● **Available data**
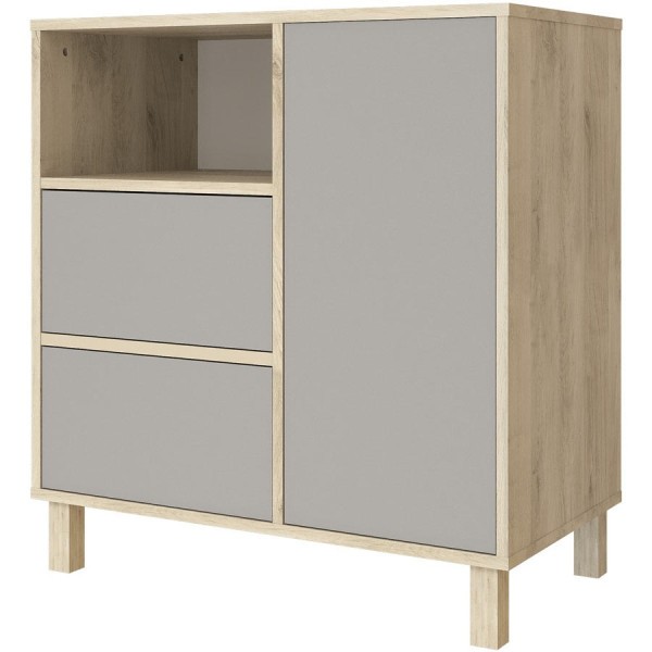 • Úložný prostor: Na levé straně komody 1 dvířka a police, na pravé straně 2 zásuvky a 1 otevřená police.
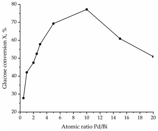 The dependence of the glucose conversion on the Pd/Bi ratio.
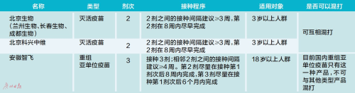 其中,北京生物、北京科兴中维所生产的均为灭活疫苗,全程接种2针剂,可以互相混打,可用于3岁以上人群接种。安徽智飞所生产的为重组亚单位疫苗,全程接种3针剂,目前只能用于18岁以上人群接种;由于目前国内重组亚单位疫苗只有这一种产品,现阶段不能与其他新冠病毒疫苗混打。

● **Exercise directions**
Omit the pictures, then retype the remaining material without a single change.

● **Answer section**
 • Úložný prostor: Na levé straně komody 1 dvířka a police, na pravé straně 2 zásuvky a 1 otevřená police.
 The dependence of the glucose conversion on the Pd/Bi ratio.
 其中,北京生物、北京科兴中维所生产的均为灭活疫苗,全程接种2针剂,可以互相混打,可用于3岁以上人群接种。安徽智飞所生产的为重组亚单位疫苗,全程接种3针剂,目前只能用于18岁以上人群接种;由于目前国内重组亚单位疫苗只有这一种产品,现阶段不能与其他新冠病毒疫苗混打。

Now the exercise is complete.